# EXERCISE PROMPT
What is needed is an exact reproduction of the lines from the one that contains "Cet exemplaire unique" through the end of the data, both included and nothing else, with pictures omitted.
━━ GIVEN INFORMATION
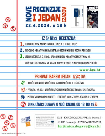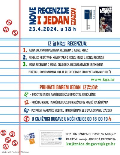 Pročitajte nove recenzije iz naše Riznice recenzija i prihvatite barem jedan navedeni izazov u Knjižnici Dugave na Odjelu za djecu i mladež, u Noći knjige u 18 sati, ili nam se samo pridružite u proslavi knjige!
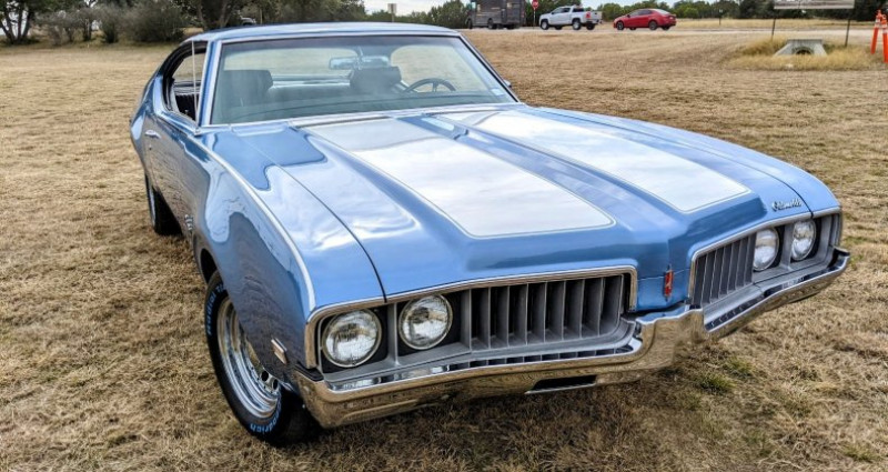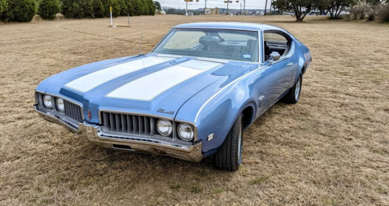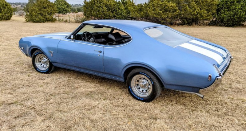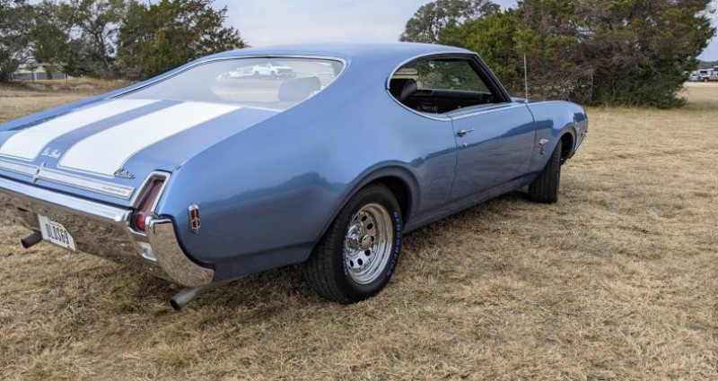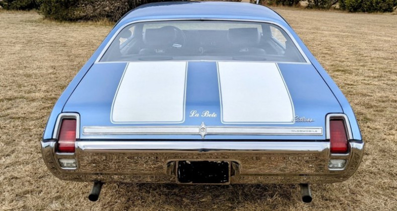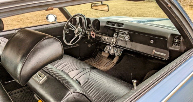 Cet exemplaire unique de 1969 Oldsmobile Cutlass S Holiday Coupe est en vente. Conservé dans un garage, il compte un peu plus de 9 000 miles d'origine non alterées. Le quatrième propriétaire actuel l'a possédé pendant cinq années. Si des informations sur le premier propriétaire qui l'a acquis neuf en 1969 sont disponibles. L'état général de ce Cutlass est exceptionnel, étant presque entièrement original, sans dommages à la carrosserie, ni collision ni rouille. Le chrome et le stainless ont une bonne conservation. Il est muni d'un moteur 350 Olds Rocket numériquement identique, ainsi qu'une transmission automatique ST 300. L'intérieur et la peinture ont été refaites en 1993, dans la couleur originale Nassau blue #53, y compris les bandes GT peintes et l'undercoating. Cette voiture est équipée de nombreuses améliorations et pièces neuves. Si vous avez besoin de photos spécifiques, ne dématez pas de vous en rapporter à moi. Je suis disposé à vous aider avec des entreprises de transport.. Ce descriptif est basé sur les éléments communiqués par le propriétaire avec un traitement assisté. Merci pour votre indulgence en cas de formulation perfectible. Provenance : Oregon. Disponibilité : 7 semaines, clés en main. 31 000 € tout compris (importation, taxes, procédure d'immatriculation). Annonce publiée le 14/10/2025
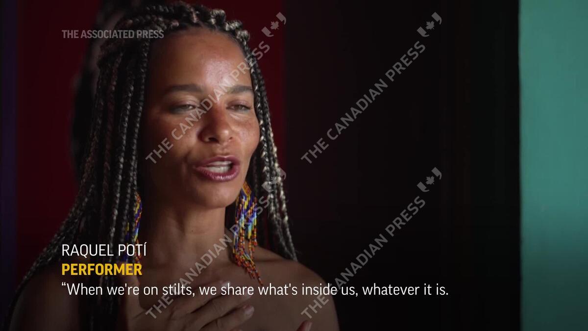 Stilt walker Raquel Potí regularly graces the front pages of Brazilian magazines and newspapers, and on Saturday the artist donned a lavish feathered costume and lacquered her body in gold glitter. At one point she charged the length of the carnival street party, sweeping her rainbow wings like she was about to take flight. It was the latest of her charismatic stilt walking performances that has prompted some media to call her the muse of Rio de Janeiro’s Carnival. (Feb. 11) (AP by Lucas Dumphreys)
━━━━
# ANSWER AREA
 Cet exemplaire unique de 1969 Oldsmobile Cutlass S Holiday Coupe est en vente. Conservé dans un garage, il compte un peu plus de 9 000 miles d'origine non alterées. Le quatrième propriétaire actuel l'a possédé pendant cinq années. Si des informations sur le premier propriétaire qui l'a acquis neuf en 1969 sont disponibles. L'état général de ce Cutlass est exceptionnel, étant presque entièrement original, sans dommages à la carrosserie, ni collision ni rouille. Le chrome et le stainless ont une bonne conservation. Il est muni d'un moteur 350 Olds Rocket numériquement identique, ainsi qu'une transmission automatique ST 300. L'intérieur et la peinture ont été refaites en 1993, dans la couleur originale Nassau blue #53, y compris les bandes GT peintes et l'undercoating. Cette voiture est équipée de nombreuses améliorations et pièces neuves. Si vous avez besoin de photos spécifiques, ne dématez pas de vous en rapporter à moi. Je suis disposé à vous aider avec des entreprises de transport.. Ce descriptif est basé sur les éléments communiqués par le propriétaire avec un traitement assisté. Merci pour votre indulgence en cas de formulation perfectible. Provenance : Oregon. Disponibilité : 7 semaines, clés en main. 31 000 € tout compris (importation, taxes, procédure d'immatriculation). Annonce publiée le 14/10/2025
 Stilt walker Raquel Potí regularly graces the front pages of Brazilian magazines and newspapers, and on Saturday the artist donned a lavish feathered costume and lacquered her body in gold glitter. At one point she charged the length of the carnival street party, sweeping her rainbow wings like she was about to take flight. It was the latest of her charismatic stilt walking performances that has prompted some media to call her the muse of Rio de Janeiro’s Carnival. (Feb. 11) (AP by Lucas Dumphreys)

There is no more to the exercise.